The “Bolivarian” left suffered two traumatic electoral defeats in recent weeks: In Argentina, right winger, pro corporate candidate Mauricio Macri won the presidential election in Argentina, and the right wing opposition captured a two thirds majority in the Venezuelan National Assembly.
But all is not gloom and doom for the Bolivarian left. On Dec. 9, the ruling left wing Unity Labor Party (ULP) of Prime Minister Ralph Gonsalves won re-election, for the fourth time, over the more conservative opposition. Though the margin was not huge (the ULP won eight parliamentary seats to the opposition New Democratic Party’s seven), it is solid and is seen by many as resulting from the high level of prestige of Dr. Gonsalves, who has been prime minister of this tiny Caribbean nation of (population 110,000) since 2001. Polls have shown Gonsalves to be more popular than his party.
The Unity Labor Party is friendly to Cuba and has integrated the country into the Bolivarian “pink tide” tendency in Latin America, including into ALBA, the Bolivarian Alliance for the Peoples of Our America, which groups the most socialist-oriented states in the Western Hemisphere. The New Democratic Party, on the other hand, stresses foreign investment from the wealthy capitalist countries as its strategy for development.

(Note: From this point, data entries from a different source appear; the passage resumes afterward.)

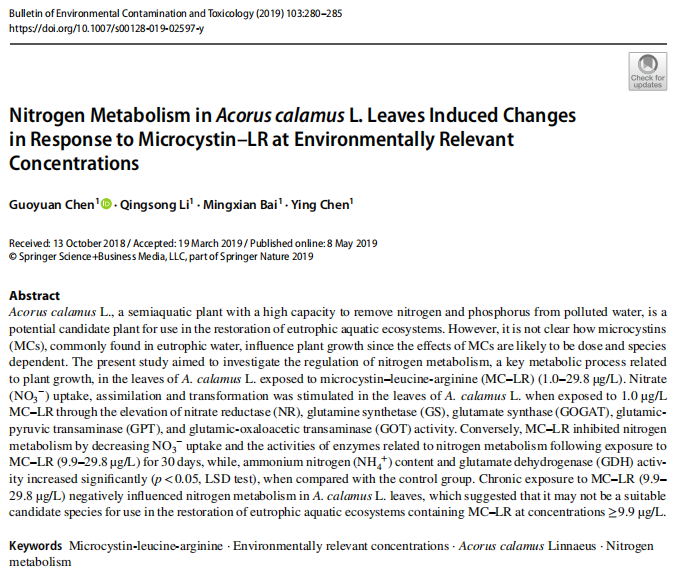 【文獻(xiàn)標(biāo)題】Nitrogen Metabolism in Acorus calamus L. Leaves Induced Changes in Response to Microcystin–LR at Environmentally Relevant Concentrations
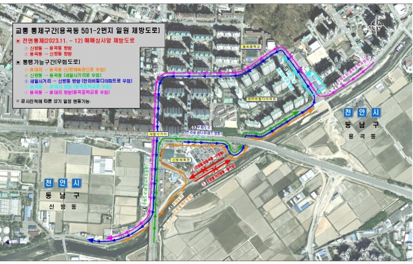 통제 구간은 남천안 자동차 매매단지 일대 용곡동 499-4번지~546-13번지 구간이다.
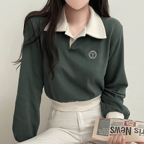 【現貨灰】🍓Y刺繡拼色開領短衛衣
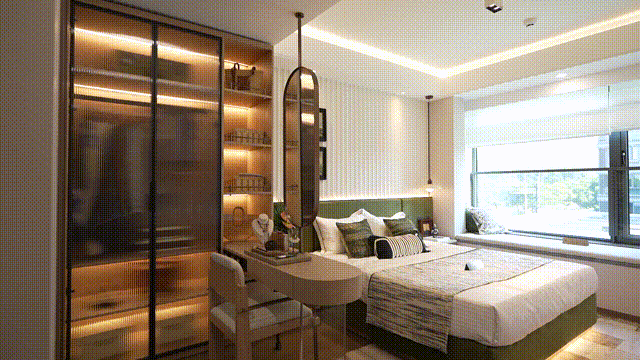 而圣奥·潮映望月府位于金沙湖北直线距离约2公里处,通过海达南路将形成与金沙湖区的生活配套共享,融入这一国际湖区生活圈。而同时,直线距离约2公里也让潮映望月府得以脱离湖区的喧闹与嘈杂,用相对更静谧的方式,安放生活的惬意与自在。
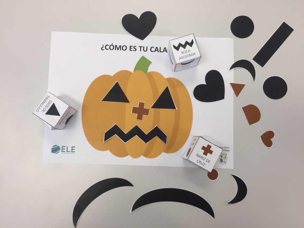 Aquí la calabaza -potato. Se tira el dado y se va creando una expresión, según vaya especificando el dado. A la vez se puede ir trabajando de manera verbal, comentando las diferentes expresiones que vayamos creando.
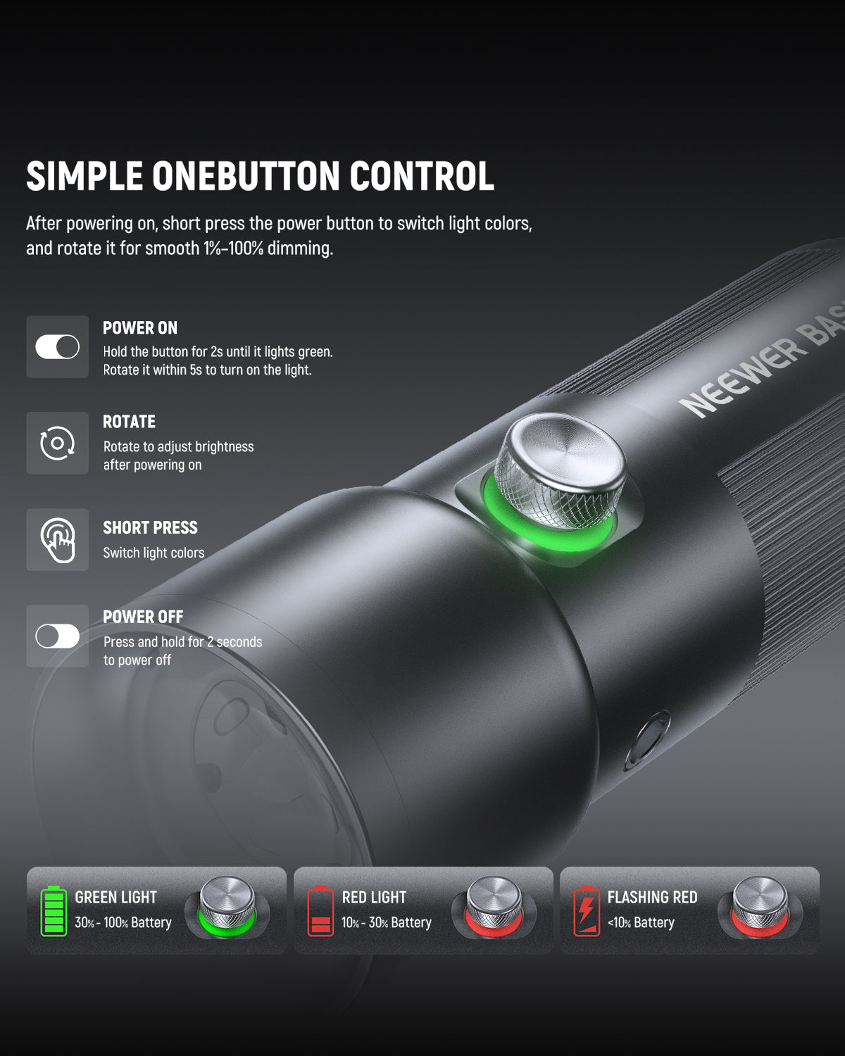 - One Button Control & Smart Battery Indicator- Featuring a convenient one button control design, the flashlight for photography allows easy color switching with a short press of the power button after turning it on. Or rotate it to adjust the brightness from 1%-100%. Integrated with an indicator light that signals the battery status: solid green for 30%-100%, solid red for 10%-30%, and flashing red for below 10%

Gonsalves was one of the most eloquent speakers in the U.N. General Assembly debate this year, on the annual vote to condemn the U.S. blockade of Cuba. He has also been very outspoken on global warming and its impact on island nations like his own, on the rights of the Palestinian people and on the demand for the wealthy nations to pay reparations for the genocide of indigenous people of the Americas, the slave trade and slavery.
Gonsalves has also been outspoken on the situation in the Dominican Republic, where thousands of people of Haitian descent face racist discrimination and potential mass deportation to Haiti.
St. Vincent and the Grenadines is a poor country which depends on banana exports and tourism for most of its foreign earnings, while many necessary items have to be imported. Like other countries similarly situated, its big challenge is to diversify its economy to reduce its dependence on commodity exports. It has benefited from the PETROCARIBE program whereby it has been able to import Venezuelan oil on good terms. The country is also a powerful voice within CARICOM, the Caribbean Community of nations, and has worked to integrate that grouping with the Bolivarian bloc.